Changes in African nations' political spheres have given investors confidence. ENS' Scott Nelson reports

Heralding in another year, it is always interesting to consider both the 12 months that we leave behind us, as well as what may be in store for the months that lie ahead. Last year was one of significant activity on the continent, not just in relation to M&A, private equity and corporate finance, but also in the lives of millions of Africans who have experienced momentous transformation in their lives – having brought down regimes and seen the transition of power in varying degrees of an 'orderly fashion'.

While these two facets of Africa's year may, in many respects, seem worlds apart, for a continent where transaction, execution and political risk have always been tremendous gating issues for investment, they really are much more linked than at first they may appear.

Initially, one might be inclined to think that such traumatic and violent events as experienced in Africa would be of the highest level of detriment to the confidence of the outside world; however, it is fair to say that this has not been the case. Many of the affected countries in North Africa have seen a remarkable turn around in a comparatively short period of time – confidence levels have been heightened at the prospect of a country run on the basis of a transition to proper democracy, with all the stability that may bring.
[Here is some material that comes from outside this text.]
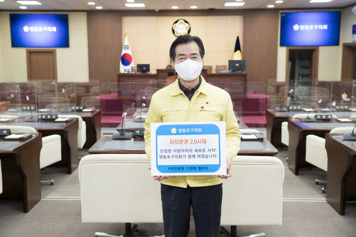 [시민일보 = 여영준 기자] 고기판 서울 영등포구의장이 지난 12일 영등포구의회 본회의장에서 ‘자치분권 기대해 챌린지’에 동참했다.
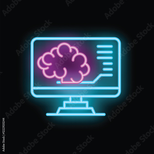 Neon sign showing a desktop computer with a human brain displayed on the screen and data points, representing artificial intelligence

A country that has had more than its fair share of issues this past year is Cote d'Ivoire, which itself suffered catastrophic levels of civil unrest, with the previous president refusing to hand over the reins of office to his democratically-elected successor. The country is seeing an extremely rapid restoration of its previous GDP growth rates, with its troubles, while devastating for those who had to live through them, really registering as nothing more than a blip on a macro-economic scale.
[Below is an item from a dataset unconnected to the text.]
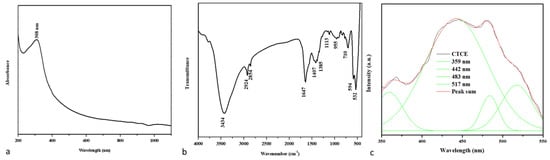 An analysis of the spectra of CuO-TiO2-chitosan-escin nanocomposites. The UV-vis spectrum of nanocomposites (a). FTIR transmittance vs. wavenumber plot of nanocomposites (b). Photoluminescence spectra from nanocomposites (c).

When you compare and contrast the financial calamity presently occurring in much of the rest of the developed world, and the eurozone in particular, it is interesting to see how such different types of 'change events' have made their impact, and how long any consequent adverse effect pervades over future growth and prosperity. In many respects, the situation in Africa seems in order of magnitude more serious, and yet the resilience of the key investment destinations on the continent seems to suggest otherwise. The positives of the world's truly last remaining emerging 'high growth' market outweigh the negatives, particularly when the will of the people to run their countries on a truly democratic basis pervades.

With this there can be no doubt that the installation and proper functioning of democracy, with its consequent impact on the stability of the other key institutional pillars on which any sovereign state must be built, ensures that such pillars are made of stone and not sand. It is indeed somewhat ironic that a country such as Greece, the cradle of democracy as we know it, should be suffering some of the most significant and long-term damage, with truly no real end in sight, whereas the emergent and frontier nations of Africa are carving their own version of the democratic process and beginning to put their own futures on a more solid footing.
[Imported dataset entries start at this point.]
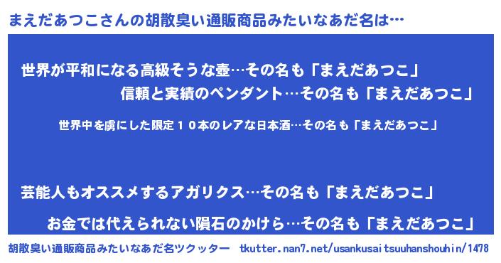| 男性向けラノベタイトル風あだ名 | 『この素晴らしい世界にまえだあつこを!』 |
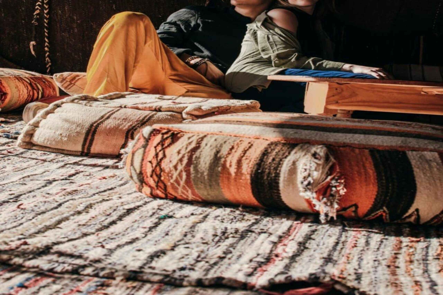 Услуги по подбору и высадке пассажиров Транспорт с кондиционером Местный говорящий гид Романтический ужин 40-минутная поездка на квадроцикле (2 человека в 1 квадроцикле) 20-минутная прогулка на верблюдах Чай в берберском кооперативе Костер в лагере ВодаEasy cancellation
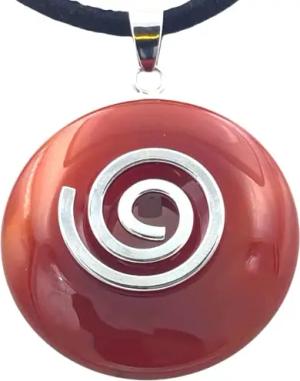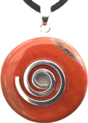 - Premium Jaspis rot Donut optional als Kette mit Silber- oder Goldanhänger und 80cm Lederband | Heilstein | Edelstein | Chakra-Stein (Donut mit Silberspirale)

It also seems likely that these trends will continue, with the will of the people shaping the future more and more – no longer putting up with the corruption and tyranny that has been one of the single biggest issues facing those in the institutional financial community wishing to transact in Africa.

It will be interesting to see how events play out in Nigeria, where once again, the country's population is finally speaking out against the behaviour of its leaders and politicians. We believe that 'behaviour modification' will once again be the outcome and that there will be another example of the ordinary man improving his nation, not just for his own sake, but in the eyes of the world as a whole.

And what will this age of renaissance bring with it from a transactional perspective? 2011 saw a huge increase in M&A activity in the minerals sector. This seems likely to continue, although much will depend on the key market pricing of such assets, which is itself affected by the more significant financial events unfolding in the rest of the world.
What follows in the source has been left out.